Project implemented as part of the National Centre for Research and Development call: Fast Track POIR.01.01.01-00-0920/19 Total value of the project: PLN 25 995 670,81 Total value of funding: PLN 19 408 810,05
Funding from the Bill & Melinda Gates Foundation will go toward understanding the benefits o novel cap analogs for therapeutic applications.
Warsaw, December 8, 2022. ExPLoRNA Therapeutics, a Polish biotech company revolutionizing mRNA vaccines and therapeutics with unprecedented translational efficiency, received funding from the Bill & Melinda Gates Foundation to further develop its unique mRNA technology. ExPLoRNA specializes in novel cap analogs, the starting part of mRNA that is crucial for enabling the successful production of the encoded protein. ExPLoRNA’s technology increases protein production beyond the scale observable so far with other standard cap analogs.
The total funding received from the Bill & Melinda Gates Foundation is $813,578 and will be used for a 14-month project. The project aims to better understand the benefits of ExPLoRNA’s cap analogs, especially in terms of reducing the mRNA dose needed for therapeutic effects in the settings of vaccination and monoclonal antibody production.
The planned experiments include the use of state-of-the-art, clinically validated lipid nanoparticle (LNP) formulations from Acuitas Therapeutics. Acuitas is known for its successful role in providing the LNP technology for one of the only two regulatory-approved mRNA-based COVID-19 vaccines.
ExPLoRNA Therapeutics is the first Polish biotech company to receive funding from Bill & Melinda Gates Foundation. Through this project, ExPLoRNA Therapeutics commits to its vision of making mRNA technology more accessible in low-income countries to help fight diseases threatening human lives and well-being.
“We are grateful for the foundation’s support to help us achieve our vision.
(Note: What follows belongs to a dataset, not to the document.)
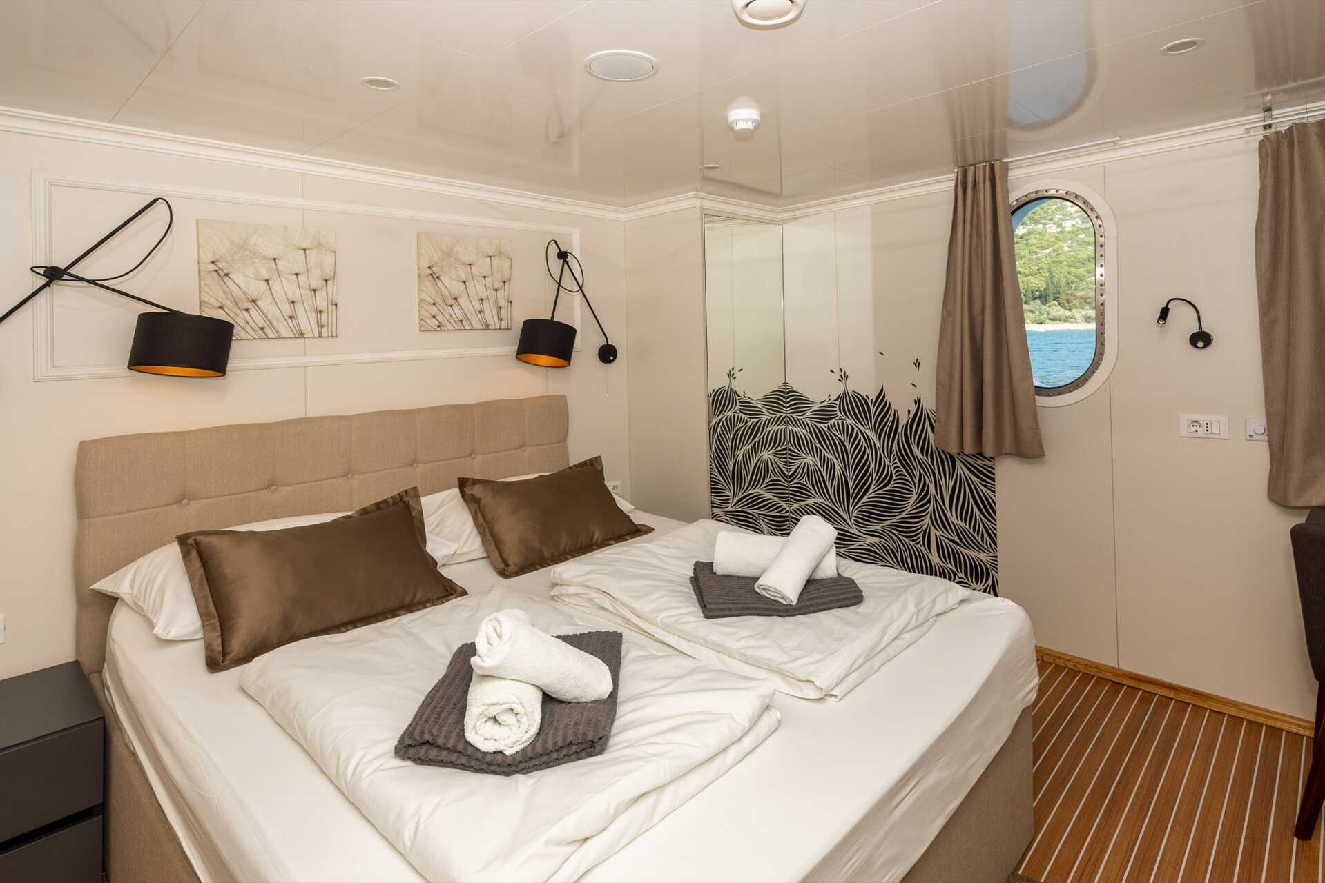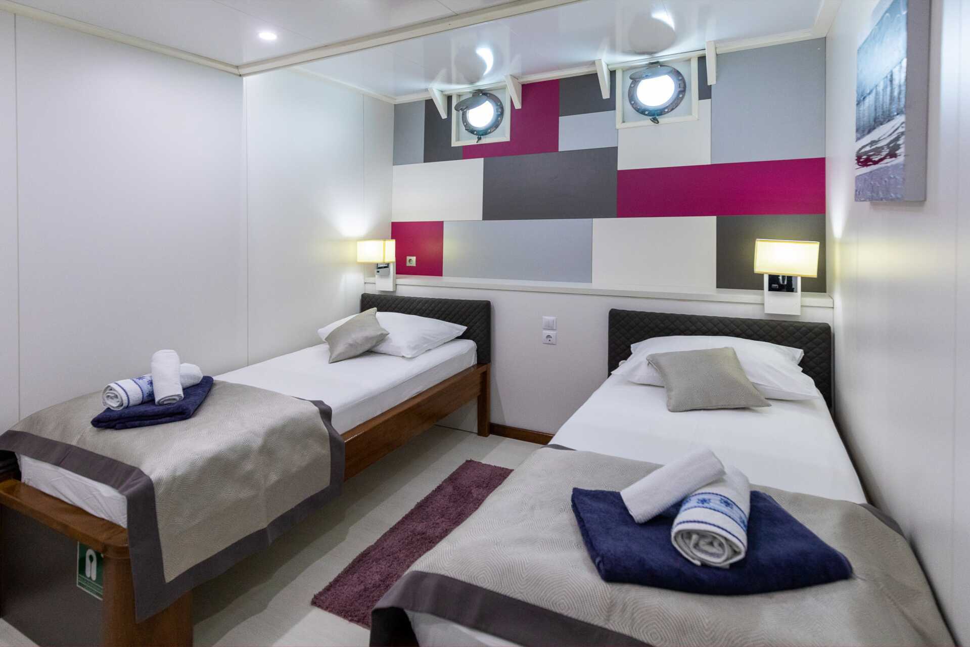 Der er 18-21 kahytter om bord, alle med enten dobbeltseng eller to enkeltsenge. Tv med internationale kanaler. 220V. Aircondition og lille deponeringsboks indgår. Hårtørrer. Moderne badeværelse med bruser og toilet. Garderobe og bagageopbevaring under sengen. Kahytterne varierer i indretning og størrelse, men de er omkring 10–15 kvadratmeter store. Kahytterne på dæk 1 har et lille udluftningsvindue. Håndklæder og sengetøj skiftes en gang midt på ugen.

With the help of this grant, we intend to speed up the development of future mRNA vaccines and therapies.” – comments Jacek Jemielity, CEO of ExPLoRNA Therapeutics, and professor at the University of Warsaw.
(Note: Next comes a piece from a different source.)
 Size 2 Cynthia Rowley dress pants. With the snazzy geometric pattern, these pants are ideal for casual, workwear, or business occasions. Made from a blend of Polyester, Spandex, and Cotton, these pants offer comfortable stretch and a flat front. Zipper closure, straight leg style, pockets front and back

About ExPLoRNA Therapeutics:
With passion, ExPLoRNA Therapeutics (www.explorna.com) is harnessing over 20 years of cap analog research and developing ground-breaking innovations of mRNA as a therapeutic platform applies those solutions in unique therapeutic programs, and delivers technology, therapeutic platform, and therapies to pharmaceutical Partners.
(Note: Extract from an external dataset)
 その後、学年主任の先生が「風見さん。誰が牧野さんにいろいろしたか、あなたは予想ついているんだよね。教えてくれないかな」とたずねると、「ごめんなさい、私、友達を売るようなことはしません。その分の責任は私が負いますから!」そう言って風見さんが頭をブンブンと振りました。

About Acuitas Therapeutics:
Founded in February 2009, Vancouver-based Acuitas Therapeutics (www.acuitastx.com) is a private biotechnology company that specializes in the development of delivery systems for nucleic acid therapeutics based on lipid nanoparticles. The team works with partners to develop new therapies to address unmet clinical needs based on its internationally recognized capabilities in delivery technology.